See also Language Environment Effects in Known Issues and Restrictions for additional information.

LifeKeeper MIB File LifeKeeper can be configured to issue SNMP traps describing the events that are occurring within the LifeKeeper cluster. See the lk_configsnmp(8) man page for more information about configuring this capability. The MIB file describing the LifeKeeper traps can be found at /opt/LifeKeeper/include/LifeKeeper-MIB.txt.
Watchdog LifeKeeper supports the watchdog feature. The feature was tested by SIOS Technology Corp. on Red Hat EL 5.5 64-bit, and Red Hat EL 6 + softdog.
STONITH LifeKeeper supports the STONITH feature. This feature was tested by SIOS Technology Corp. on SLES 11 on IBM x3550 ×86_64 architecture and RHEL5.5 64-bit.
XFS File System The XFS file system does not use the fsck utility to check and fix a file system but instead relies on mount to replay the log. If there is a concern that there may be a consistency problem, the system administrator should unmount the file system by taking it out of service and run xfs_check(8) and xfs_repair(8) to resolve any issues.
IPv6 SIOS has migrated to the use of the ip command and away from the ifconfig command (for more information, see IPv6 Known Issue).

Tuning

Item Description
IPC Semaphores and IPC Shared Memory LifeKeeper requires Inter-Process Communication (IPC) semaphores and IPC shared memory. The default Red Hat values for the following Linux kernel options are located in /usr/include/linux/sem.h and should be sufficient to support most LifeKeeper configurations.

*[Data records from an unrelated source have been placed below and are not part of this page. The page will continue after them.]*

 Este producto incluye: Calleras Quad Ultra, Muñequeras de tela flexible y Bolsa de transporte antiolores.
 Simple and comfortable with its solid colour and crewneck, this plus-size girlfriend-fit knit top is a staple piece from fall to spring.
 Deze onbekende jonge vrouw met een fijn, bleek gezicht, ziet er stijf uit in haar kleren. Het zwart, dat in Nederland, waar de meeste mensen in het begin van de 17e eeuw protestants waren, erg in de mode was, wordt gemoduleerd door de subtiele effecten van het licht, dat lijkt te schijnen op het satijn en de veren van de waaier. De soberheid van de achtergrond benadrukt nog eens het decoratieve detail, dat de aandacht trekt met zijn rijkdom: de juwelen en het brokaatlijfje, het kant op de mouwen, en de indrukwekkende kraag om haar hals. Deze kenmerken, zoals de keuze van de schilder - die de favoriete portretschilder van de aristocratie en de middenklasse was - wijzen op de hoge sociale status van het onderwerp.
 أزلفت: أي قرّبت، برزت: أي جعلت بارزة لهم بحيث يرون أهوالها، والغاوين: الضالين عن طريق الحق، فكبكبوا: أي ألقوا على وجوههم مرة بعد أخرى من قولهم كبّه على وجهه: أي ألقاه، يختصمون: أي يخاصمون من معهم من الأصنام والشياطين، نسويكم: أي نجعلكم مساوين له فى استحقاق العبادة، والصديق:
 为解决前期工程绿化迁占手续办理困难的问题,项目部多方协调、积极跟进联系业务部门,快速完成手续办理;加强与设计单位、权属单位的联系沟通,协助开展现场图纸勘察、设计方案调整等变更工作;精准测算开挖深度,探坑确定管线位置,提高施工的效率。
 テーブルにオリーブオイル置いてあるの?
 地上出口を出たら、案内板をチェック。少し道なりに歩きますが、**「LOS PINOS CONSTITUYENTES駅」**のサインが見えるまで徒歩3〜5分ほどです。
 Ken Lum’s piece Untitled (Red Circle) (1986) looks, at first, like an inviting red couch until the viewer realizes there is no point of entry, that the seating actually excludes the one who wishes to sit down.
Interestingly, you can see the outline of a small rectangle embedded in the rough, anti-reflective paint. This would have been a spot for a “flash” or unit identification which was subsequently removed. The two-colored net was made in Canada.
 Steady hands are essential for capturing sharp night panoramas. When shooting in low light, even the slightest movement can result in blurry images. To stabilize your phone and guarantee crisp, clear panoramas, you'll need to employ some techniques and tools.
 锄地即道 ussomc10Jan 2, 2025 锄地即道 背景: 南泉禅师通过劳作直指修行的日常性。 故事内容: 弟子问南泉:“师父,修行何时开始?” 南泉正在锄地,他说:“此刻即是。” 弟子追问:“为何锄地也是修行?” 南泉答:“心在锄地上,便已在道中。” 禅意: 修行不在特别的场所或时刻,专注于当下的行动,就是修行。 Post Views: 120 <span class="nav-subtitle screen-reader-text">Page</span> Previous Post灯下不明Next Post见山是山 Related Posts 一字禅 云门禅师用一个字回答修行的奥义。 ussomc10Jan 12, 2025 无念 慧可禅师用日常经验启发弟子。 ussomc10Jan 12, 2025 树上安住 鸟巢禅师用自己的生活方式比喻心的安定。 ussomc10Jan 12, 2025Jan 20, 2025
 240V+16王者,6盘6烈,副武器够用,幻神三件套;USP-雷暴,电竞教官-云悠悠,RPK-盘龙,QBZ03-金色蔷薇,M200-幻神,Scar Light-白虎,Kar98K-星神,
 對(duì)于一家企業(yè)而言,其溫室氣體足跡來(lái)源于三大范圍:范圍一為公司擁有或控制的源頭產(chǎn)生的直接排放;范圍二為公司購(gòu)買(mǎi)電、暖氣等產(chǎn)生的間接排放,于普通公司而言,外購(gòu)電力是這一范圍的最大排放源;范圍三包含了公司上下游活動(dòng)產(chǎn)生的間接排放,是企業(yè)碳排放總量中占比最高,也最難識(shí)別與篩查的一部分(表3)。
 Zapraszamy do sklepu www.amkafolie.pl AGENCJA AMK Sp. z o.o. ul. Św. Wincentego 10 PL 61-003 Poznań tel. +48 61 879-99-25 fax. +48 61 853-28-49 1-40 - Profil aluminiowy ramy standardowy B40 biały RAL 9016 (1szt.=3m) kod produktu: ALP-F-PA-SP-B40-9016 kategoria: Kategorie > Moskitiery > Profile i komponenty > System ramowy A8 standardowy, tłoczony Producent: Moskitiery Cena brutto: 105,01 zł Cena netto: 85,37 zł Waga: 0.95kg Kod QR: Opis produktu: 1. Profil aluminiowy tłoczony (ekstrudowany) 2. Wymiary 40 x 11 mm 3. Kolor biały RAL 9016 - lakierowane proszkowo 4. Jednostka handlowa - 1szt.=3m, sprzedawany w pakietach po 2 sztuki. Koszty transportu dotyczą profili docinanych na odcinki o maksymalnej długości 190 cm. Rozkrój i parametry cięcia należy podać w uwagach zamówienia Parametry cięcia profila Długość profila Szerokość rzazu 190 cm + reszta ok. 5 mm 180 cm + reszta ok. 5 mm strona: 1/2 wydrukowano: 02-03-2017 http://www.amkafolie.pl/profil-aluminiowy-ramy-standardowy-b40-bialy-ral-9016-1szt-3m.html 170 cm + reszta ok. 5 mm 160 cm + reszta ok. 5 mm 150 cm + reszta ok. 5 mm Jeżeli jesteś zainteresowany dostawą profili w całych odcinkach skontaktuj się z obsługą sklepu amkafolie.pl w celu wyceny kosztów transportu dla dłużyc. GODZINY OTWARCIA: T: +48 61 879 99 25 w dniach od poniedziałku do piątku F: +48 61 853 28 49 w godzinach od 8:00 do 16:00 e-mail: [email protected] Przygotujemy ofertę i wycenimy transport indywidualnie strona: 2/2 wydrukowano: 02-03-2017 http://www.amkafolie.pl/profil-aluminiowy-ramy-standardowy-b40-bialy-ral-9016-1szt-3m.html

Option       Required    Default Red Hat 7
SEMOPM        14                     32
SEMUME        20                     32
SEMMNU        60                     32000
SEMMAP        25                     32000
SEMMNI         25                     128

System File Table LifeKeeper requires that system resources be available in order to failover successfully to a backup system. For example, if the system file table is full, LifeKeeper may be unable to start new processes and perform a recovery. In kernels with enterprise patches, including those supported by LifeKeeper, file-max, the maximum number of open files in the system, is configured by default to 1/10 of the system memory size, which should be sufficient to support most LifeKeeper configurations. Configuring the file-max value lower than the default could result in unexpected LifeKeeper failures.

The value of file-max may be obtained using the following command:

cat /proc/sys/fs/file-nr

This will return three numbers. The first represents the high watermark of file table entries (i.e. the maximum the system has seen so far); the second represents the current number of file table entries, and the third is the file-max value.

To adjust file-max, add (or alter) the “fs,file-max” value in /etc/sysctl.conf (see sysctl.conf(5) for the format) and then run

sysctl –p

to update the system. The value in /etc/sysctl.conf will persist across reboots.

LifeKeeper Operations

Item Description
Kernel Debugger (kdb) Before using the Kernel Debugger (kdb) on a LifeKeeper protected server, you should first either shut down LifeKeeper on that server or switch any LifeKeeper protected resources over to the backup server. Use of kdb with the LifeKeeper SCSI Reservation Daemons (lkscsid) enabled (they are enabled by default) can also lead to unexpected panics.
System Panic on Locked Shared Devices LifeKeeper uses a lock to protect shared data from being accessed by other servers on a shared SCSI Bus. If LifeKeeper cannot access a device as a result of another server taking the lock on a device, then a critical error has occurred and quick action should be taken or data can be corrupted. When this condition is detected, LifeKeeper enables a feature that will cause the system to panic.

If LifeKeeper stops the LifeKeeper daemons without removing resource(s) such as lkcli stop -f with shared devices still reserved, then the LifeKeeper locking mechanism may trigger a kernel panic when the other server recovers the resource(s). All resources must be placed out-of-service before stopping LifeKeeper in this manner.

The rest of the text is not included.